Después de las graduaciones y del saberse libres de elegir, llega el rito de iniciación en la vida adulta fuera de la familia y para la generación de Alberto eso se daba en forma sencilla, sin rompimientos dramáticos, sólo con irse a estudiar a otra ciudad, siempre y cuando fuera una ciudad lejana porque a él no le parecía nada atractivo estudiar en Hermosillo como le rogaba la madre tratando de retenerlo cerca de ella y lejos de la peligrosa Ciudad de México. Estudiar en Hermosillo, pensaba él, es como quedarme aquí en Obregón, el mismo clima, la misma gente y sus costumbres, esperar los viernes para buscar un raite en la gasolinera y pasarla aquí todo el fin de semana. No. Y la razón más importante: En Sonora no había escuelas de Medicina. Las opciones eran las universidades de Baja California, con un cupo limitado; la Autónoma de Guadalajara, muy cara; la Nicolaíta de Morelia, buena opción, y la mejor de todas: la UNAM, algo más que un centro de estudios, un estilo de vida, otra cultura, el nido de los grandes médicos del país, el pretexto ideal para vivir en una ciudad excitante, misteriosa.

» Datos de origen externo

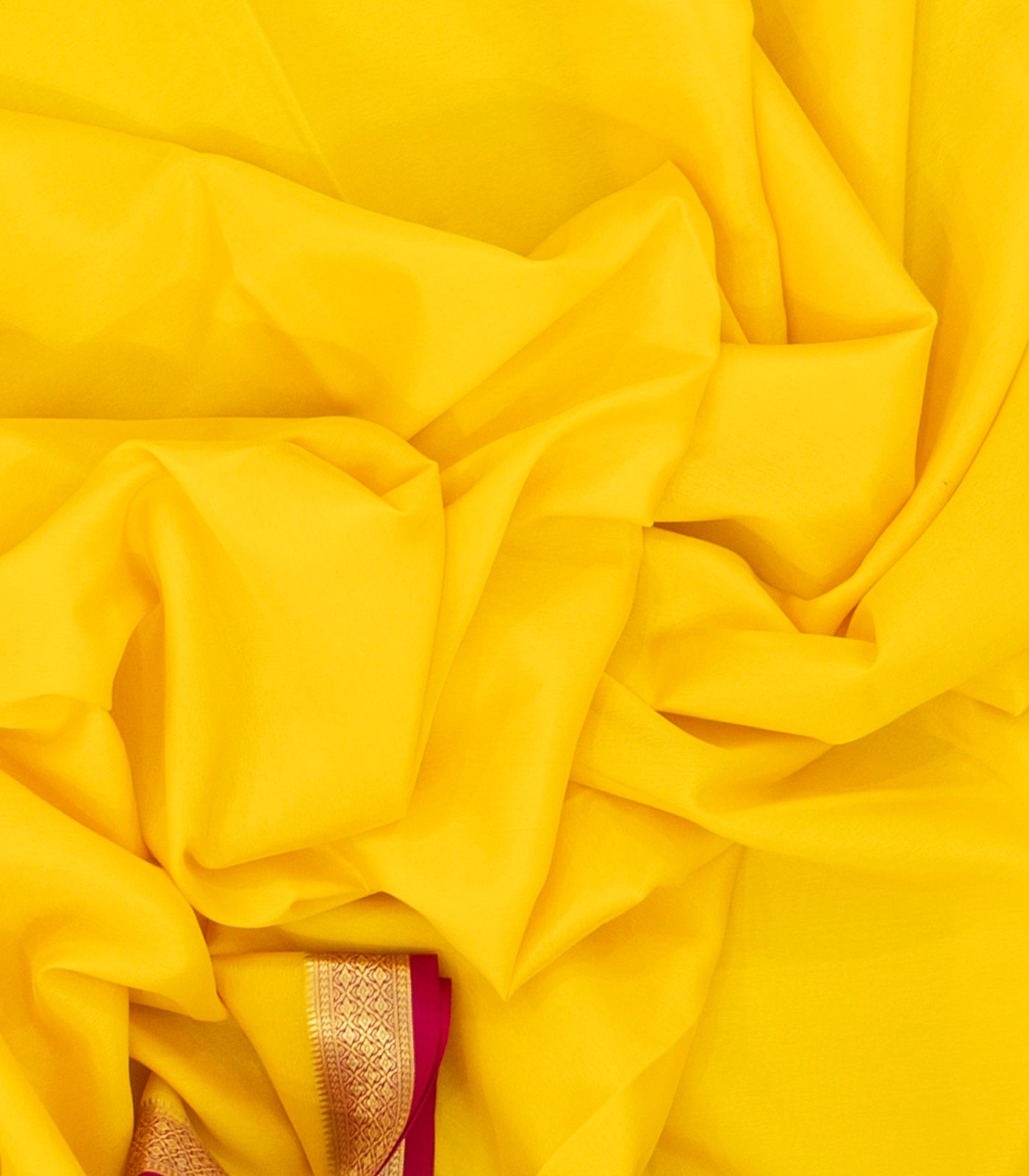 This woven mysore crepe silk saree is filled with plain yellow body along with contrast zari border and pallu

Rápido pasaron los días de trámites escolares en la SEP y despedidas familiares, adiós a los tíos y a los primos, a los amigos del barrio que nunca volverían a ser tan entrañables, tan necesarios como habían sido hasta entonces. Y lo más difícil, una prueba de carácter: el adió a la novia a quien se dejaba en libertad de ser pretendida por otros; ninguna promesa de fidelidad te asegura que un día no aparecerá alguien menos feo y desbalagado que tú, un tipo más formal dispuesto a relevarte en la tarea de enamorarla día tras día. Además, amor de lejos... no sería el suyo.

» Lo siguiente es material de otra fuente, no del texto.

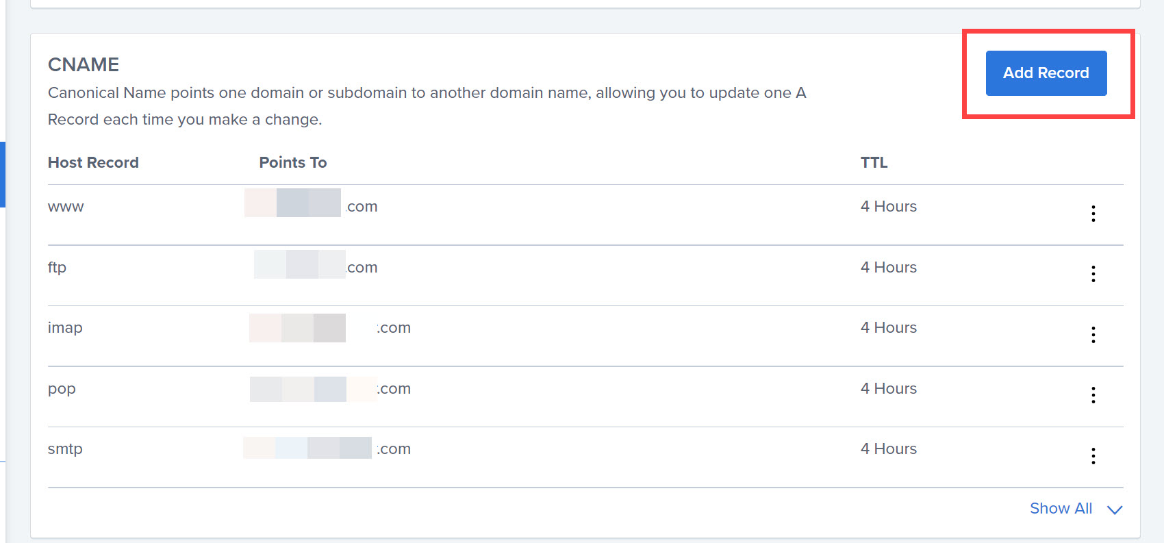 CNAME 섹션으로 스크롤하여 Add Record 버튼을 클릭합니다.
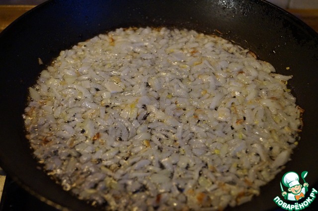 Лук мелко порубить и обжарить на растительном масле "Олейна" до золотистого цвета

Así llegó el día de la partida, por fin, a la Cd. de México. Durante la mañana la resignada madre se dedicó a cocer las tortillas de harina para el viaje, preparadas con más manteca de lo habitual y enrolladas en tacos de machaca y frijol frito. Luego la última  planchada a la ropa del hijo, el cierre de la maleta, las cajas de cartón con almohada y cobijas, la bolsa con el lonche, enseres personales, y el padre esperando para llevarlo a la Central Camionera. Cuando Alberto sale de su casa ve una imagen perdurable: Su madre lagrimea recargada en el cerco de la casa y le da la bendición obligada, mientras el padre lo apura, no te vaya a dejar el camión. Para los viejos será la primera de muchas noches de despertar en medio de la oscuridad preguntando cómo estará el hijo a esa hora.

En el andén del Tres Estrellas de Oro ya lo esperan otros compañeros de viaje y es momento de abordar. El último adiós, el definitivo y el inicio de una vida nueva. Alberto ve preocupado al padre y comprende el motivo. No te apures, le dice, los fines de semana y cada vez que tenga oportunidad voy a trabajar, no me faltará nada.

- Haz lo que quieras, nomás no te dediques al doblaje de artistas -dice el padre con un guiño pícaro y el hijo le regresa una sonrisa cómplice. Alberto sube al Tres Estrellas, se acomoda en un asiento y a través de la ventanilla ve la amada figura de su padre parado en el andén.